Provided entries:
——

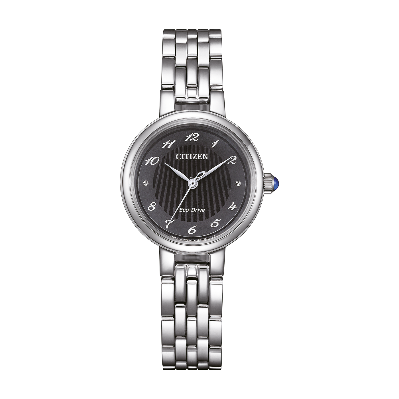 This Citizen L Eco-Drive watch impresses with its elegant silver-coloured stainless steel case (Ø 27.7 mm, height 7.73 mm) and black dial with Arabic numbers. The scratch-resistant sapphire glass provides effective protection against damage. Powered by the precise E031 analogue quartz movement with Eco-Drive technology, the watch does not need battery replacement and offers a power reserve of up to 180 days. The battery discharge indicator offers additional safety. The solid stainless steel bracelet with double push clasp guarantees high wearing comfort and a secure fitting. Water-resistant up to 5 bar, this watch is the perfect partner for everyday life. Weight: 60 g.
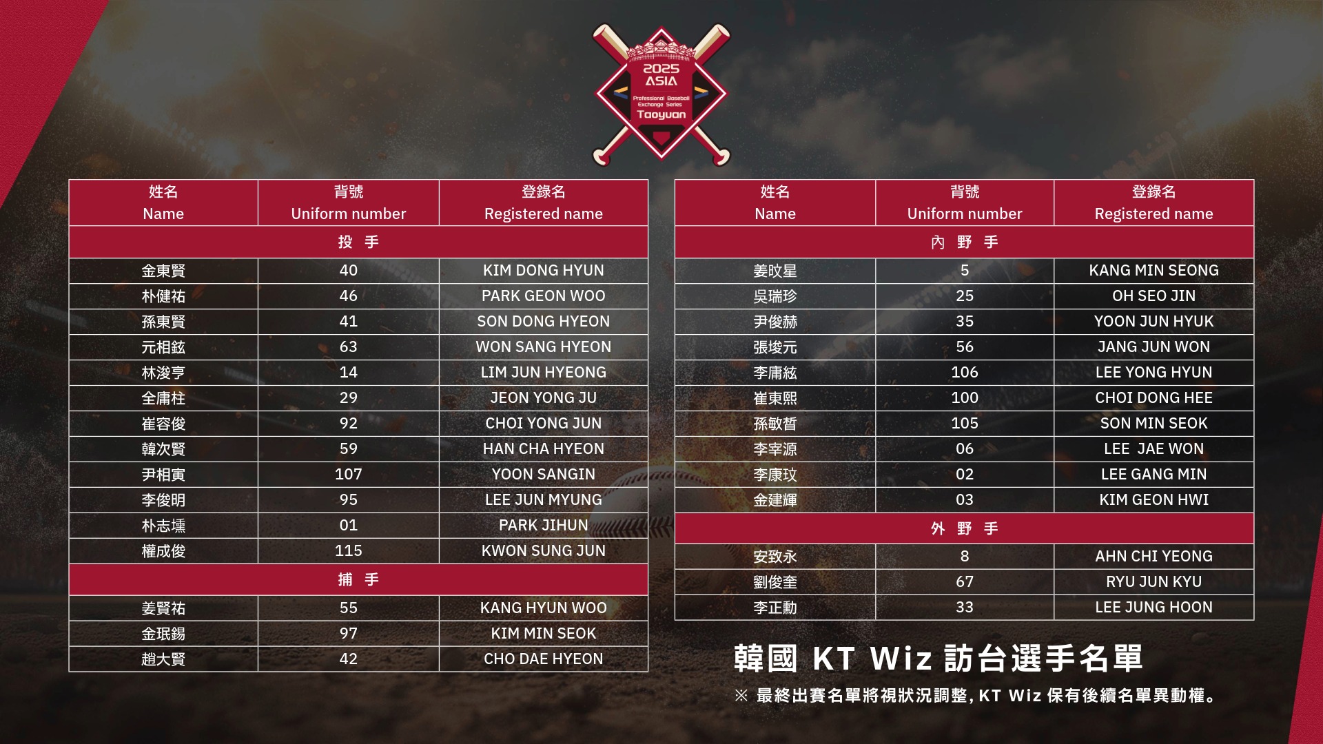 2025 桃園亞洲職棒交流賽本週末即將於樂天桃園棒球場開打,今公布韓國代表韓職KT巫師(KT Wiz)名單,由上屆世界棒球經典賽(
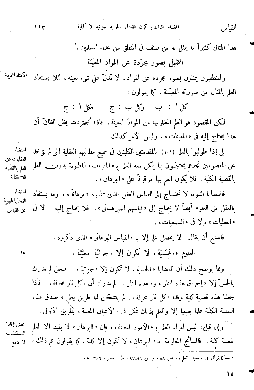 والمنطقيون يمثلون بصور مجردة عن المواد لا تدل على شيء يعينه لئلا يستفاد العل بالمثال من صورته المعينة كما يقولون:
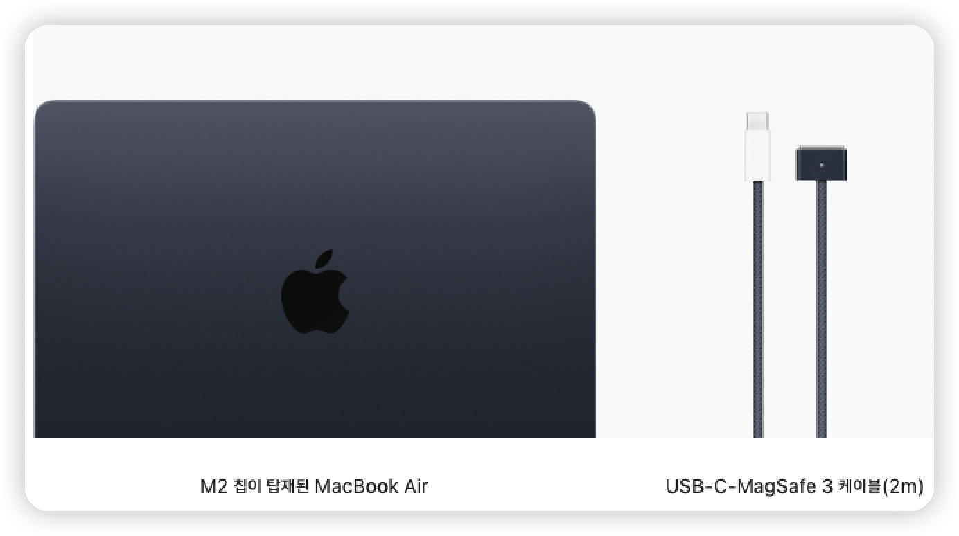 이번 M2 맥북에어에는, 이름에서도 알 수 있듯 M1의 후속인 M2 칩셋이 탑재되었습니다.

——

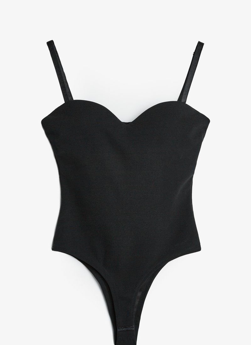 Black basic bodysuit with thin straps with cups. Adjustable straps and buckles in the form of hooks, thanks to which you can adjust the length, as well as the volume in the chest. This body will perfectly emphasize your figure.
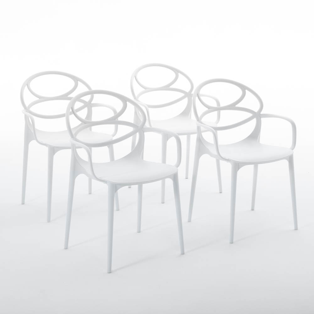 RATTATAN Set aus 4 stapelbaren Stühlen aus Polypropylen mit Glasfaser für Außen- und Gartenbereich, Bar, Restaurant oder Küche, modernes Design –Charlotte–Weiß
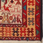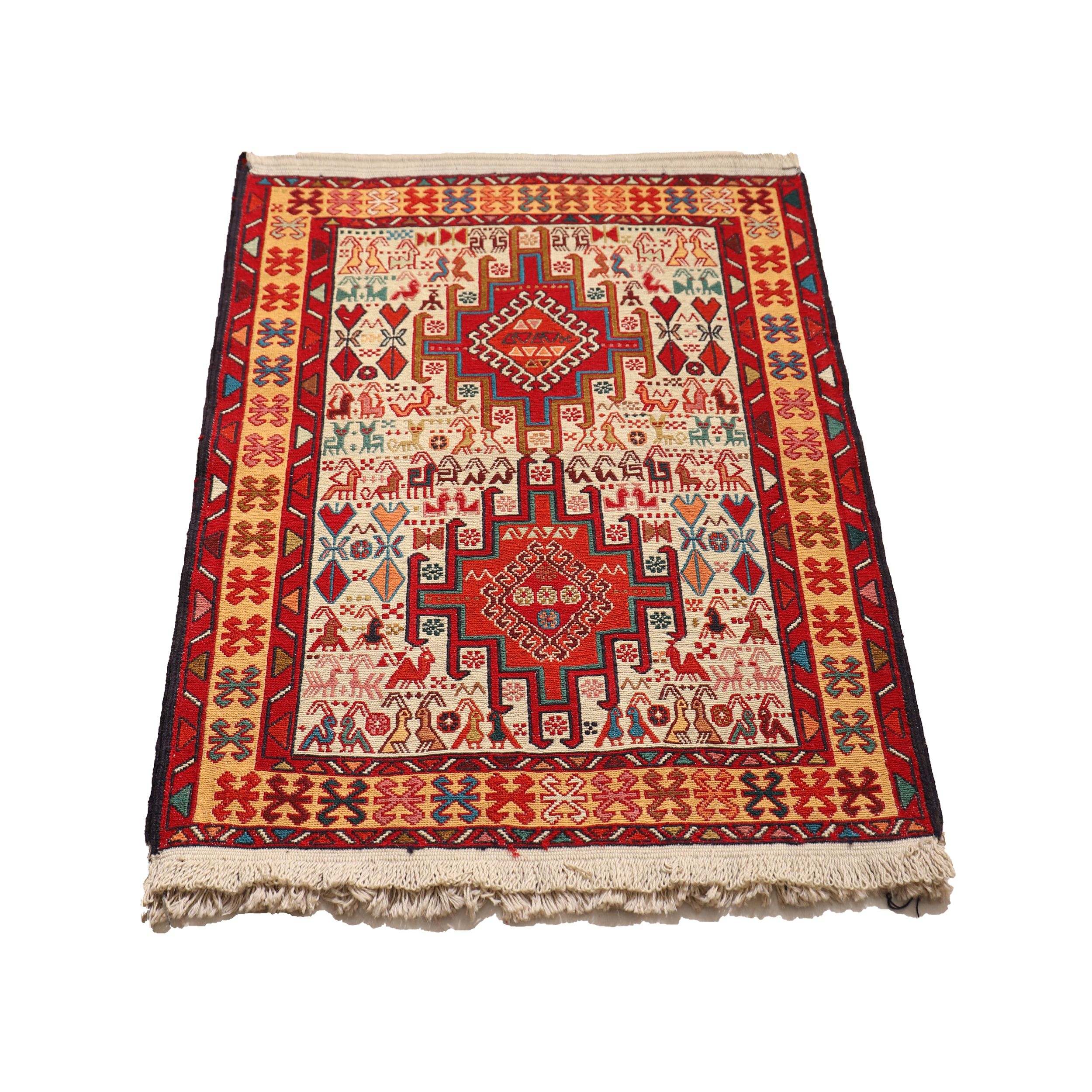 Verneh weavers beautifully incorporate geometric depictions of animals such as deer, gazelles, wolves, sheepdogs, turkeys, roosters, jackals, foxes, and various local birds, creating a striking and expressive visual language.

——

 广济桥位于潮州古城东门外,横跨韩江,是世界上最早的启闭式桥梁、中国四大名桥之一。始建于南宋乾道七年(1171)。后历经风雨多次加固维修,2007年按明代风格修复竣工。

——

Work request:
Look back at the data above, then output exactly the lines from the line holding "This Citizen L" up to and including the line holding "이번 M2 맥북에어에는, 이름에서도". Leave out the pictures.

Response to this exercise:
 This Citizen L Eco-Drive watch impresses with its elegant silver-coloured stainless steel case (Ø 27.7 mm, height 7.73 mm) and black dial with Arabic numbers. The scratch-resistant sapphire glass provides effective protection against damage. Powered by the precise E031 analogue quartz movement with Eco-Drive technology, the watch does not need battery replacement and offers a power reserve of up to 180 days. The battery discharge indicator offers additional safety. The solid stainless steel bracelet with double push clasp guarantees high wearing comfort and a secure fitting. Water-resistant up to 5 bar, this watch is the perfect partner for everyday life. Weight: 60 g.
 2025 桃園亞洲職棒交流賽本週末即將於樂天桃園棒球場開打,今公布韓國代表韓職KT巫師(KT Wiz)名單,由上屆世界棒球經典賽(
 والمنطقيون يمثلون بصور مجردة عن المواد لا تدل على شيء يعينه لئلا يستفاد العل بالمثال من صورته المعينة كما يقولون:
 이번 M2 맥북에어에는, 이름에서도 알 수 있듯 M1의 후속인 M2 칩셋이 탑재되었습니다.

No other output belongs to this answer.